(Supposed) Algebraic proof that $\frac{d}{dx}(e^x)=e^x$ using the limit definition of a derivative

Question

I would like to preface this post by saying that I have not taken calculus formally in school yet, so this is purely what I have read and understood from books and self-study. Also, I believe I made a mistake somewhere in the steps I took while doing this that I would appreciate being pointed out. In advance, thank you!

While re-reading a textbook, I re-learned about the constant "$e$" (which I had previously given no thought to) and, consequently, the function $e^x$. I was bored at the time, so I decided to try and derive the reasoning for $\\\frac{d}{dx}(e^x)=e^x$ from the limit definition of a derivative: $\frac{d}{dx} f(x) = \lim_{h \to 0} \frac{f(x+h) - f(x)}{h}$.

I started by inputting $e^x$ into the formula: $$\lim_{h \to 0} \frac{e^{x+h} - e^x}{h}$$ and multiplying it by $\\\frac{h}{e^h-1}$ to cancel out the h (this is where I may have made a mistake): $$\lim_{h \to 0} \frac{e^{x+h} - e^x}{h}\cdot\frac{h}{e^h-1}=\lim_{h \to 0} \frac{e^{x+h} - e^x(h)}{h({e^h-1})}$$ after simplifying (canceling the h's) this you get: $$\lim_{h \to 0} \frac{e^{x+h} - e^x}{{e^h-1}}$$ then I expanded the ${e^x}^{+h}$ and factored it (also possible mistake): $$\lim_{h \to 0} \frac{e^x\cdot e^{h} - e^x}{{e^h-1}}=\lim_{h \to 0} \frac{e^x( e^{h}-1)}{{e^h-1}}$$ the $(e^h-1)$ cancels with the $e^h-1$, which obviously ends as: $$\lim_{h \to 0}e^x =e^x$$ Now, this makes sense to me as it is, but there is definitely a huge chance that this is wrong and that there is an exponential, fractional, algebraic, or arithmetic error somewhere.

If you find a simple mistake, please point it out without being mean, and don't lecture me for exceeding expectations at my age. Again, to whomever is reading this, much appreciated. Thank you!

To clarify this was just a shot at seeing if I could find a way to use the definition to prove that d/dx(e^x)=e^x without using series or sums or anything of that sort.

Answer 1

Traditionally, we don't divide by factors, that go to zero together with h.
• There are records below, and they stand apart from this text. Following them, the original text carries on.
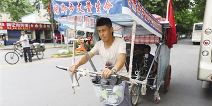 冯树仪拉着残疾叔叔一路走来看看风景,并帮叔叔圆梦。 本报记者 李宗华 摄
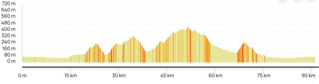Ed ecco la planimetria del percorso (91km e 1200mD+)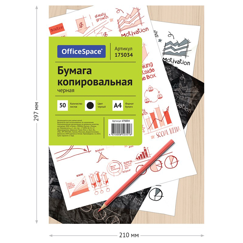 Бумага копировальная "OfficeSpace", А4, черная, 50 листов
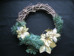 The directions are for one wreath but I made 18 all relating to a theme (birds). Each wreath had the same kind of flowers, poinsettias, but in different colors to go with the décor of the area in which they were located.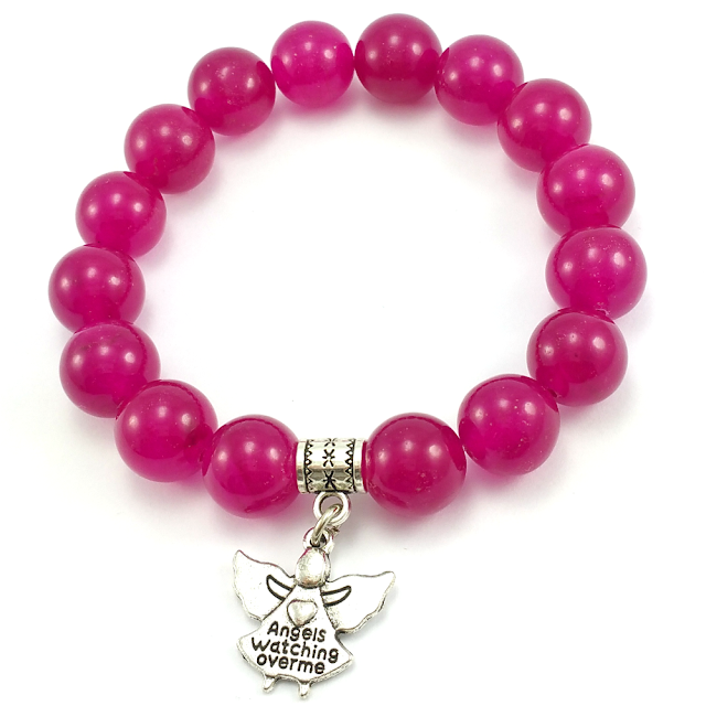 Nowe bransoletki kamienie szklisty jadeit w kolorze fuksji- różu z aniołem, sercem i koralikiem modułowym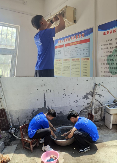 活动当天,实践团成员分成多个小组,深入农户家中与村民面对面交流。在走访过程中,同学们详细询问村民们的生活状况,认真记录村民在生产生活中遇到的困难与需求。入夏以来,老旧电风扇及空调积尘问题困扰着不少村民。“青禾筑乡”实践团的队员们发挥专业优势,立即分组入户开展电器深度清洁服务。队员们熟练拆卸扇罩、电机等部件,用毛刷、清洁剂仔细清除陈年污垢,再耐心组装调试。同时,队员们重点对村民家中的空调、冰箱等电器进行检测和维修,累计服务30余户,清洗及维修电器20余台,切实改善了村民夏季生活环境。“这些老员工技术好、态度更好,解决了我们的大难题!”村民王大爷看着重新运转的空调连连称赞。此外,队员们还协助村委会排查电路安全隐患,普及安全用电知识,赢得群众广泛好评。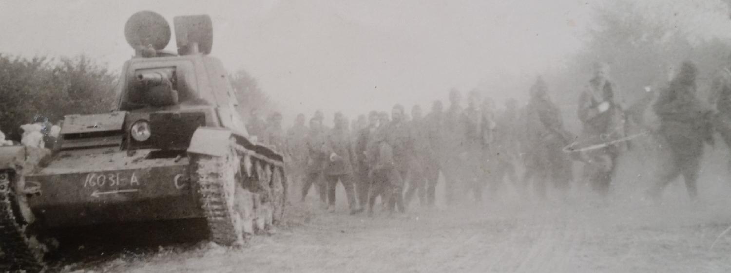 Photo d’un char T 26 et d’une colonne de prisonniers russes

If you know already the translation formula

$$e^{x+h} - e ^x= e^ x( e^h-1)$$

then you only need to show that $\lim_{h->0}\frac{e^h-1}{h}=1$

that is, to know that $e^0=1, {e^x}'(0)=1$

But that is of course not a proof.

A purely algebraic proof goes by

$$\log' x = \frac{1}{x}$$ $$ \log(x)=\int_1^x \frac{dx}{x} \quad x>0$$ $$\exp(x) = \log^{-1}(x) $$ $$\frac{d}{dx} \ \log(\exp x) \ = \ \frac{d}{dx} x = \ 1 \ = \log'(\exp(x))\ \exp'(x) \ = \ \frac{1}{\exp(x)}\ \exp'(x )$$

Answer 2

I think this one could be you are looking for: You Have multiplied the original function by h/(e^h-1) but we can never be sure that it 'will' be equal to 1. As you are reading calculus I assume you could have come up to 'Indeterminant forms'. Since it is an 'indeterminant form'. Although As numerator and denominator both respectively tends to 0, we can never be sure that both the values will be equal. Speaking in layman language:

" Take an example one value is 0.0000001 and other value is 0.0000000001. They both are nearly zero as we can assume(THIS IS ONLY AN EXAMPLE), but the ratio of other with respect to first is 1000." Therefore you could have multiplied there by a thousand or a million instead of 1, who knows. But as you know if we a multiply an expression by a NON-UNIT value. it's value will definitely differ.

In short, we can not be sure of indeterminant forms as they are not clearly defined at a given point.

But how did you get the correct answer? well, I think it is a mere coincidence. you took those values by which terms in the given expression cancel out and you end up with the right answer. Look at that when you wrote, **"multiplying it by value to cancel out the h."**You intentionally took those values which ended you up having a probable answer.

I hope you get the point. If you have any disagreement, feel free to discuss.